Please note that this blog post was first published in 2016 but has been updated in 2020.
It’s no secret that some customers are more profitable than others. But to be profitable over the long-haul, managers must have a clear understanding of how profitability correlates with customer segmentation.
Even if you have a highly-targeted customer demographic in your business, there are still variations between individual customers. Recognising these differences will allow you to tailor your approach to the needs of varying customer segments and allow you to effectively serve a wider group of people. Read on to learn more about why customer segmentation is important.
What is customer segmentation and what are the benefits?
Customer segmentation is the practice of dividing a customer base into groups of individuals that are similar in specific ways. You can provide different value propositions to different customer groups. Customer segments are usually determined on similarities, such as personal characteristics, preferences or behaviours that should correlate with the same behaviours that drive customer profitability.
A customer segmentation model allows for the effective allocation of marketing resources and the maximisation of cross and up-selling opportunities. When a group of customers is sent an email that is specific to their needs, it’s easier for companies to send those customers special offers.
Other benefits of customer segmentation include staying a step ahead of the competition and identifying new products that existing or potential customers could be interested in.

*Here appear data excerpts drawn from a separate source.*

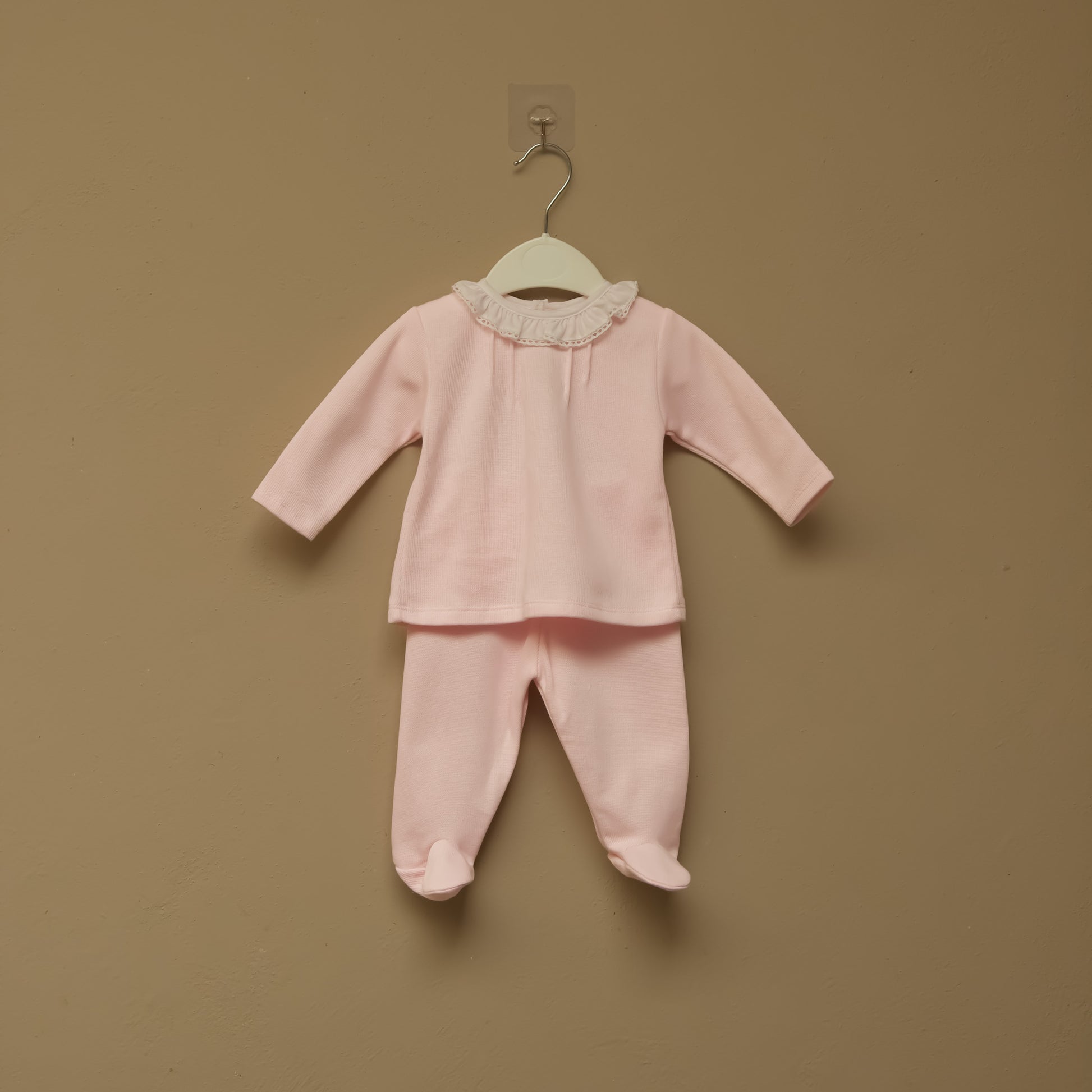 Conjunto de dos piezas con patucos y detalle en cuello con volante
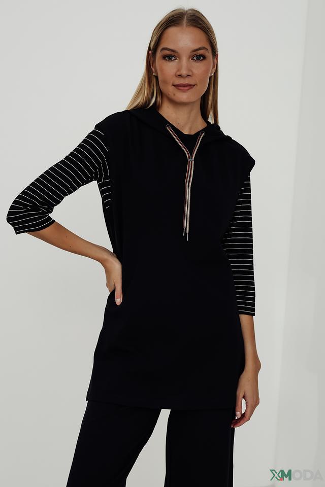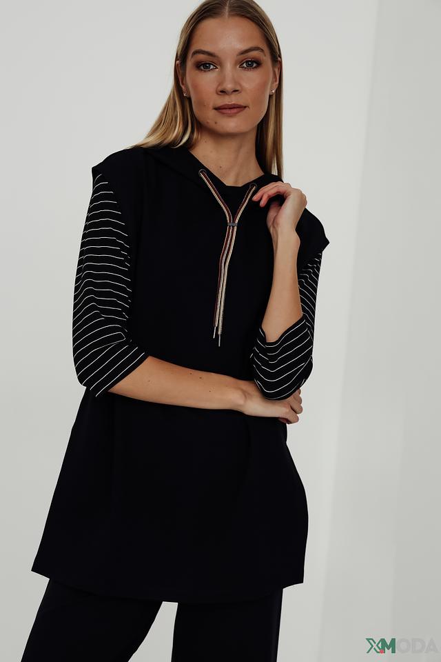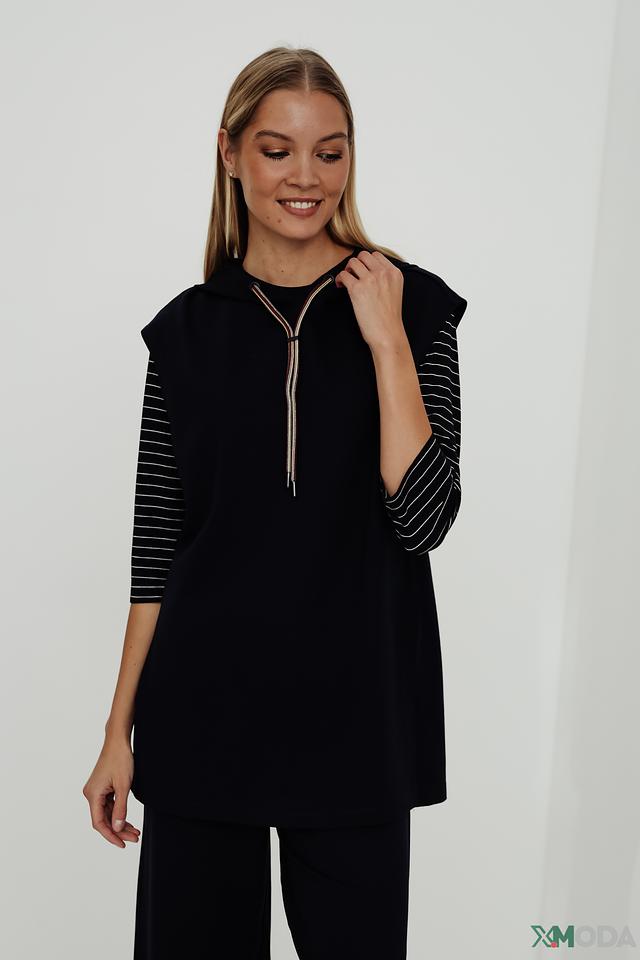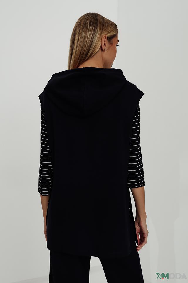 Этот жилет от Taifun станет отличным дополнением к вашему гардеробу. Он выполнен в классическом чёрном цвете и имеет удобный капюшон. Декоративные полоски на рукавах добавляют образу динамичности и оригинальности.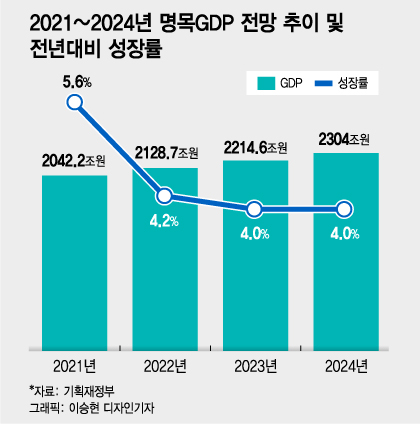 2021년 명목 GDP는 2042조2000억원으로 1차 추경 전망에 비해 38조5000억원 상향조정했다. △2022년 2128조7000억원 △2023년 2214조6000억원 △2024년 2304조원 등이다. 올해 4.2% 성장에 이어 2024년까지 4% 성장을 가정한 결과다.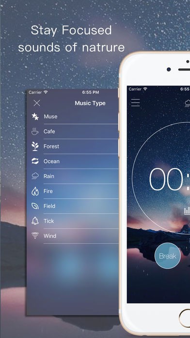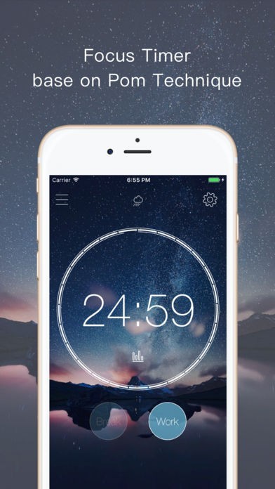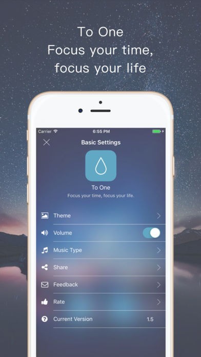 App Storeより引用ToOne - こちらは簡潔で、カスタマイズできて、BGM (White noise)を流すことができます、クラウドストレージも統計データもあって、社交的な属性を持っているトマト時計です。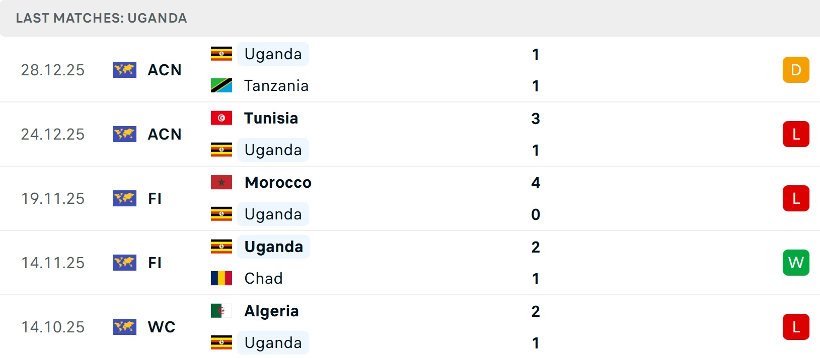 Ngược lại, Uganda đang ở thế dựa chân tường sau trận hòa 1-1 đầy tiếc nuối trước Tanzania. Dù lịch sử đối đầu ủng hộ "Những chú sếu" (thắng 4/8 lần gặp nhau), nhưng phong độ hiện tại của họ khá nhạt nhòa với chỉ 1 chiến thắng trong 10 trận gần nhất tại AFCON. Nigeria muốn khẳng định tư thế ứng viên vô địch, trong khi Uganda buộc phải thắng để nuôi hy vọng đi tiếp. Với đẳng cấp vượt trội, Nigeria nhiều khả năng sẽ kiểm soát trận đấu nhưng sự lơi lỏng của họ có thể giúp Uganda có bàn danh dự.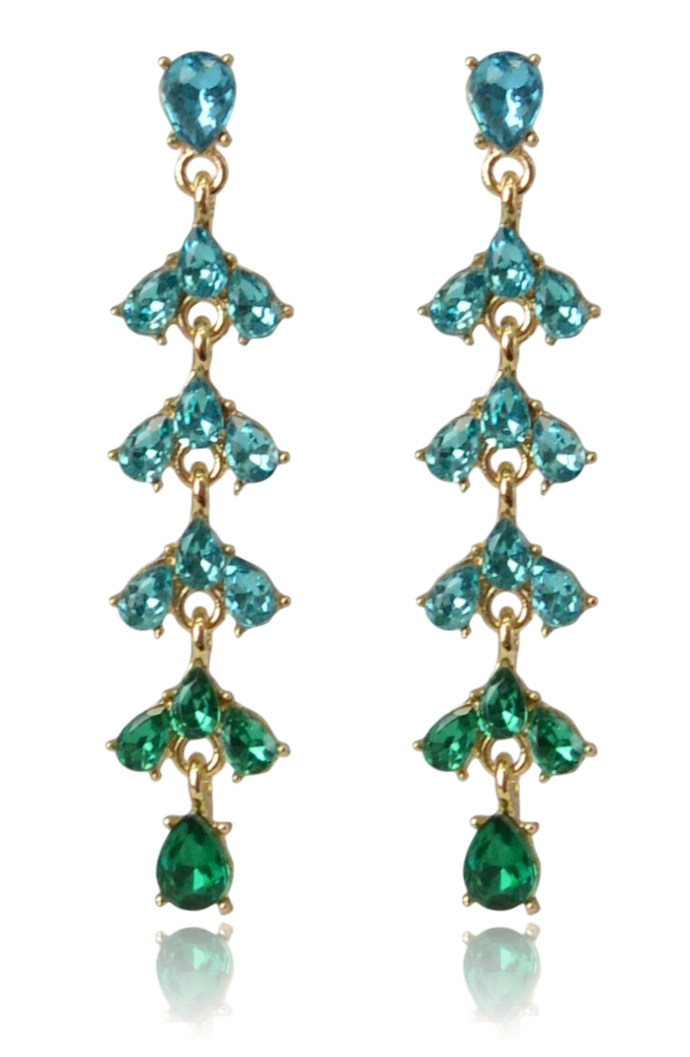 Górną część zdobią kryształy w jasnym odcieniu turkusu, które schodkowo przechodzą w głęboką, szmaragdową zieleń u dołu. Większość segmentów ma formę potrójnych listków wykonanych z kamieni o szlifie łezki, co nadaje całości organicznego, roślinnego charakteru. Kolczyki są osadzone na klasycznych sztyftach, a ich wydłużona linia pięknie wysmukla szyję, czyniąc je idealnym dodatkiem do wieczorowych kreacji oraz eleganckich letnich stylizacji.
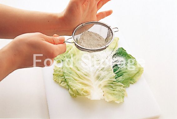 1のキャベツを広げて茶こしで小麦粉をふり、2を手前にのせて巻き、楊枝で留める。 |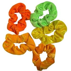 5-piece bundle of Neon Velvet Scrunchies from Forever 21! These soft, plush hair ties come in a brilliant gradient of fluorescent colors: Lime Green, Bright Yellow, Bright Orange, and Tangerine.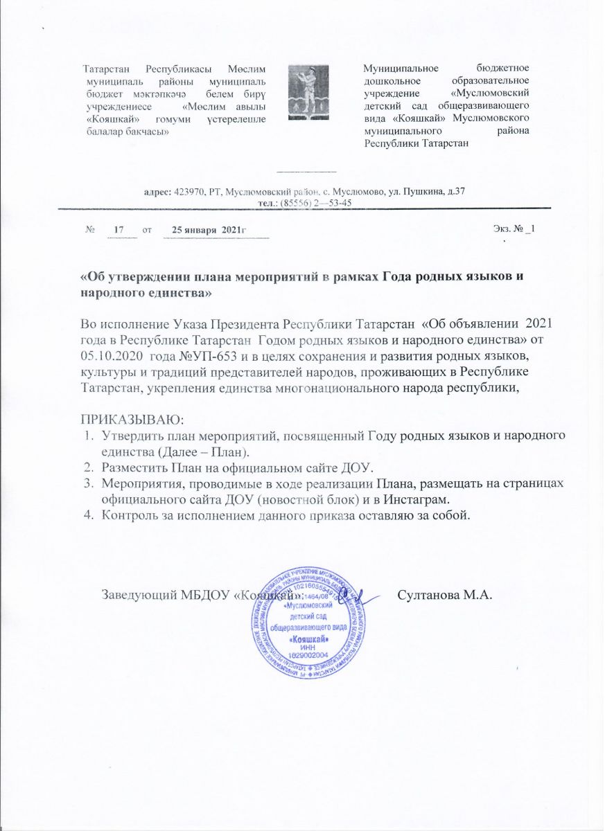 Приказ "Об утверждении плана мероприятий в рамках Года родных языков и народного единства"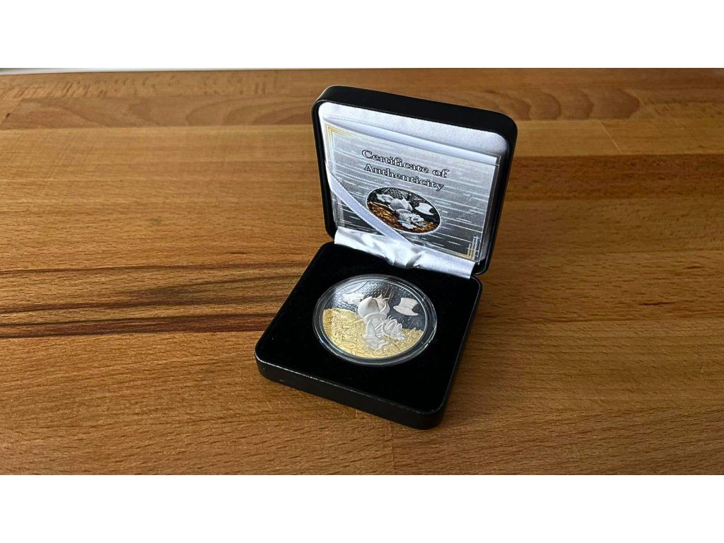 Mince je vyražena z 1 oz ryzího stříbra .999 a doplněna o luxusní kombinaci 24k zlacení a Antique finish povrchu, což vytváří výrazný kontrast a prémiový vzhled.
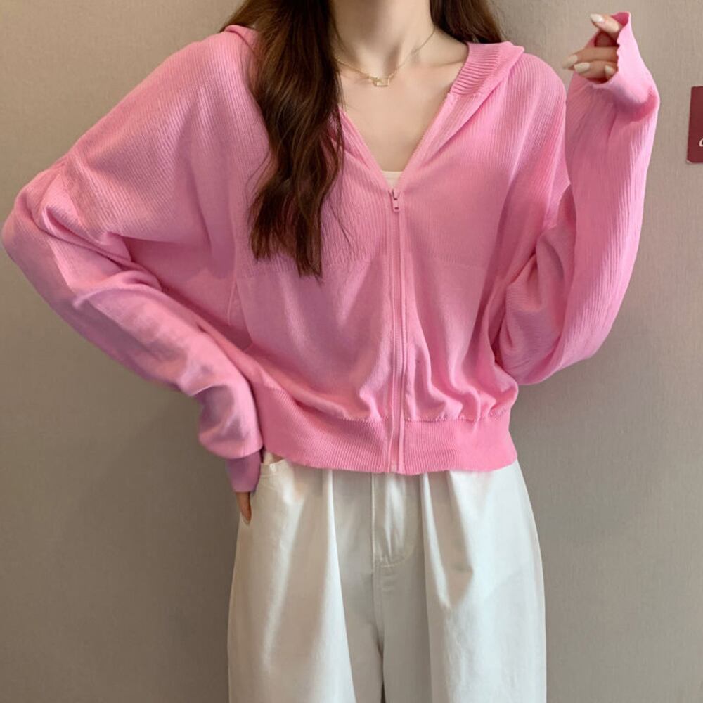 カーディガン 薄手 パーカー 透かし カーデ サマーニット 可愛い 透かし編み カーディガン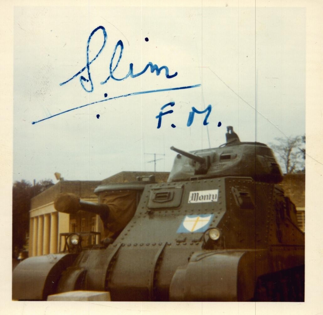 Field Marshall Slim on tank called Monty signed 3x3inch colour photo.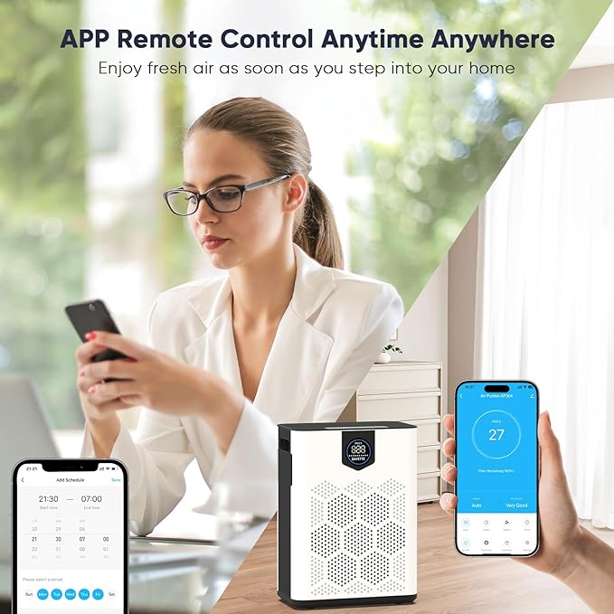 - ใ๐๐ฆ๐๐ซ๐ญ ๐๐จ๐ง๐ญ๐ซ๐จ๐ฅ ๐๐จ๐ซ ๐๐ง๐ฒ๐ญ๐ข๐ฆ๐, ๐๐ง๐ฒ๐ฐ๐ก๐๐ซ๐ใRemotely master your air purifier via our Smart Home Life app, compatible with 2.4GHz Wi-Fi, for control unhindered by time or distance. Monitor your indoor air quality in real-time, turning off/on, changing modes or fan speed, creating a schedule, using a timer, track filter usage, and reorder replacements filter. Start it when you get off work and enjoy fresh air as soon as you get home

Read more: The new kid on the block – Customer effort score.
How do you measure customer profitability?
Many companies use the 80-20 rule, which can be applied to customer’s gross margins. This rule suggests that 20% of the customers are responsible for 80% of the profits. However, the 80-20 rule can be detrimental because internal cost is not one size fits all.
It’s natural for companies to use more costs on certain customer segments than others. Fluctuating costs must be taken into consideration, otherwise you could end up spending too much to serve one customer segment over others.
Customer profitability is not that simple; it requires you to track and determine exactly what resources within your company are consumed to serve a particular segment. At a minimum, companies should allocate sales, marketing, and customer service costs to lift customer profitability to a new level of understanding.
These costs will vary significantly between customer segments. Simple changes in the sales commission, invoicing terms, credit and collection costs, pricing, marketing specific cost, back-office cost dedicated to the customer segment, can significantly impact a segment’s profitability.
Today, most modern ERP systems offer accounting features (sub-accounts/dimensions) to track and allocate costs to specific segments. Allocating costs to customer segmentation is just one approach to gaining a better understanding of how your resources are spent across customer segments and how it reflects on customer profitability.
Another approach to understanding the value your customers provide is, “customer lifetime value” (CLV). CLV takes a different approach – customers are valued as assets. CLV recognises that the costs of attracting a customer represent an investment with a future income. Calculating CLV requires an understanding of customer retention rates, purchasing patterns, and costs for each segment, then discounting the values to the present.
Segmentation can be tricky and complex. However, segmenting your customers can provide tremendous returns when compared to ‘one-size-fits-all’ approaches.